Search code examples
rdplyrrlang

In a named argument to dplyr::funs, can I reference the names of other arguments?


Consider the following:

library(tidyverse)

df <- tibble(x = rnorm(100), y = rnorm(100, 10, 2), z = x * y)

df %>% 
mutate_all(funs(avg = mean(.), dev = sd(.), scaled = (. - mean(.)) / sd(.)))

Is there a way to avoid calling mean and sd twice by referencing the avg and dev columns. What I have in mind is something like

df %>% 
mutate_all(funs(avg = mean(.), dev = sd(.), scaled = (. - avg) / dev))

Clearly this won't work because there aren't columns avg and dev, but x_avg, x_dev, y_avg, y_dev, etc.
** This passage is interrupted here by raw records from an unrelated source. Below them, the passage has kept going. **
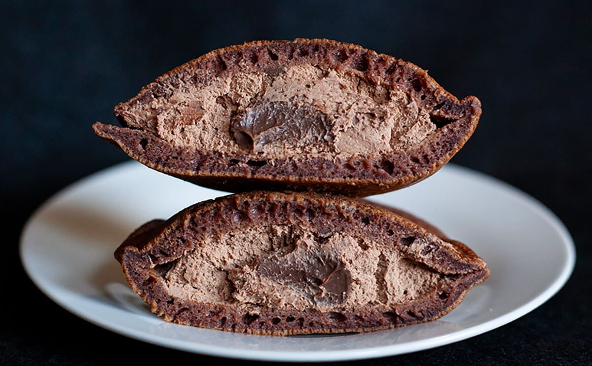 この商品は2層仕立てになっているのが特徴。生地の中には、濃厚なチョコソースと、くちどけなめらかなチョコクリームが入っています。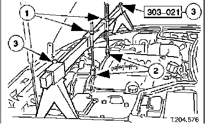 1. Slacken hook adjustment nuts until weight of engine is released.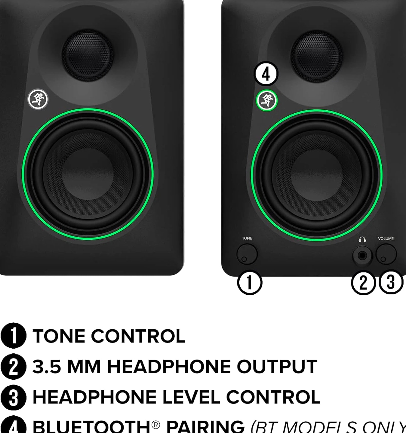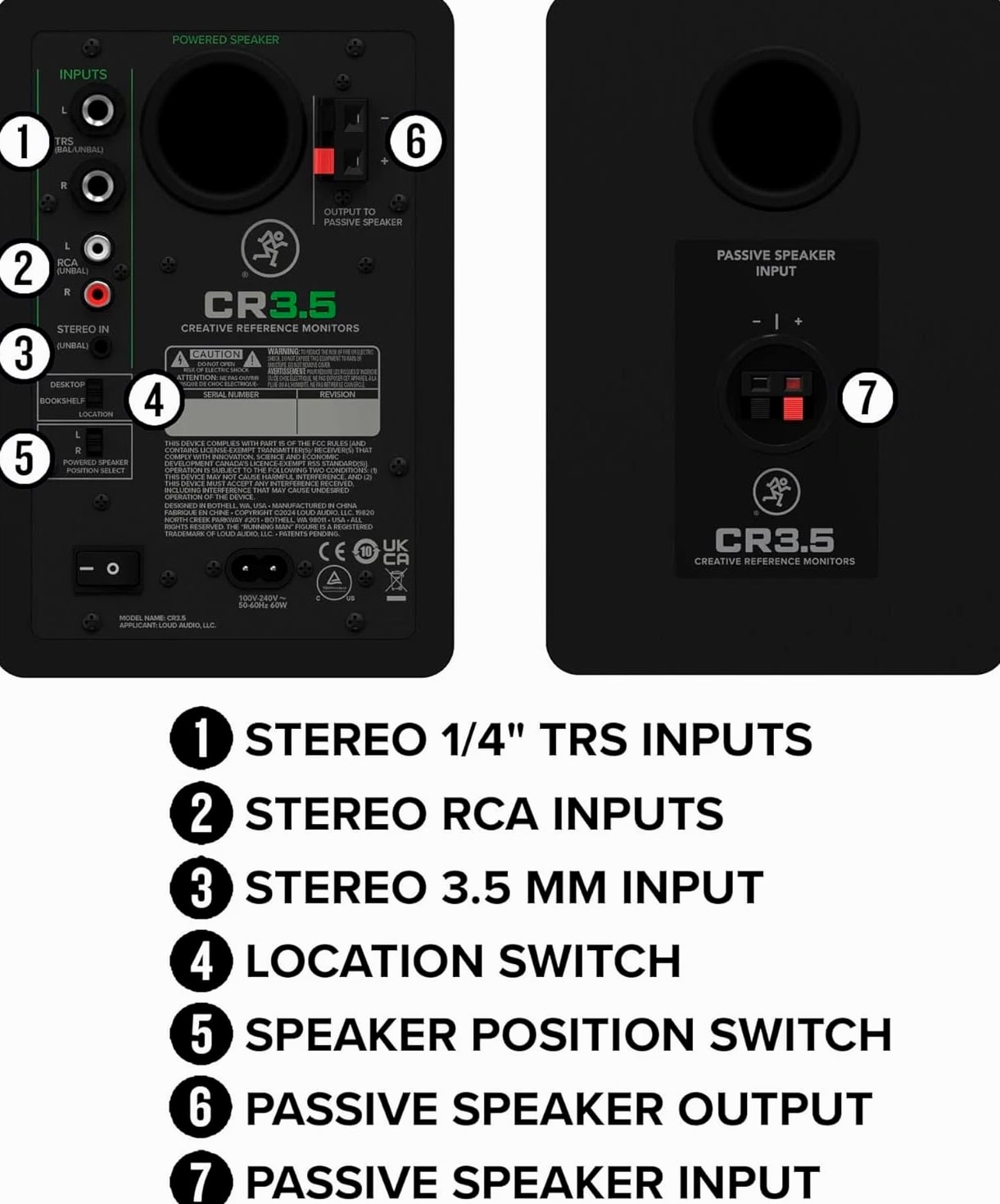 Mackie CR3.5 3.5" Creative Reference Powered Studio Monitors with Tone Control and Location Switch — Active Speakers for Music Production, Desktop Computer, Gaming, Hi-Fi Listening Description Style Standard Number of Items 1 Power Source Corded Electric Control Method Touch Warranty Description 1-year all inclusive, nontransferable Tweeter Diameter 1 Inches Woofer Diameter 3.5 Inches Unit Count 1.0 Count Speaker Size 3.5 Inches Brand Mackie Number of Audio Channels 2.0 Model Number 2056259-00 Model Name 2056259-00 Audio Driver Type Dynamic Driver Number of Batteries 1 Nonstandard Battery batteries required. Specific Uses For Product Professional audio, Casual listening Manufacturer Mackie Antenna Location For Home Studios, Audio Production, Multimedia Setups Audio Output Mode Stereo Connectivity Protocol RCA, TRS Warranty Type Limited Item Weight 10.2 Pounds Connectivity Technology RCA, TRS Enclosure Material Metal, Plastic Mounting Type Tabletop Mount Color Black Vinyl Wrap Item Dimensions D x W x H 7.1"D x 5.5"W x 8.1"H Compatible Devices Desktop, Laptop, MP3 Player, Projector, Smartphone, Tablet, Television Is Waterproof False Built-In Media 1/8" to 1/8" cable, 1/8" to RCA cable, Foam isolation pads, Speaker to Speaker Wire Speaker Maximum Output Power 50 Watts Speaker Type Monitor Size 3.5" Monitor Mackie CR3.5 Creative Reference Powered Studio Monitors combine studio-quality sound with a tone control, making CR3.5 the best studio monitors, gaming speakers and party speakers, all wrapped into one. Connect CR3.5 to just about anything. Hook up audio interfaces and playback devices with TRS and RCA connectors. Play gaming consoles and PCs with the 3.5 mm input. There's even a built-in headphone output. Use the tone knob to shape the sound, starting with the transparent response you expect from studio monitors. Turn the knob to gradually boost the bass and add high-end sparkle, perfect for immersive gaming, casual listening or all-out partying. Flip the location switch between desktop speaker mode and bookshelf speaker mode to optimize CR3.5 for wherever you place them. Use desktop mode for listening up close (like in the studio) and bookshelf mode for listening at a distance (like from the couch).

Is there a good way, within funs to use the rlang tools to create those column references programmatically, so that I can refer to columns created by the previous named arguments to funs (when . is x, I would reference x_mean and x_dev for calculating x_scaled, and so forth)?


Solution

  • This seems a little convoluted, but it works:

    scaled <- function(col_name, x, y) {
      col_name <- deparse(substitute(col_name))
      avg <- eval.parent(as.symbol(paste0(col_name, x)))
      dev <- eval.parent(as.symbol(paste0(col_name, y)))
      (eval.parent(as.symbol(col_name)) - avg) / dev
    }
    
    df %>%
      mutate_all(funs(avg = mean(.), dev = sd(.), scaled = scaled(., "_avg", "_dev")))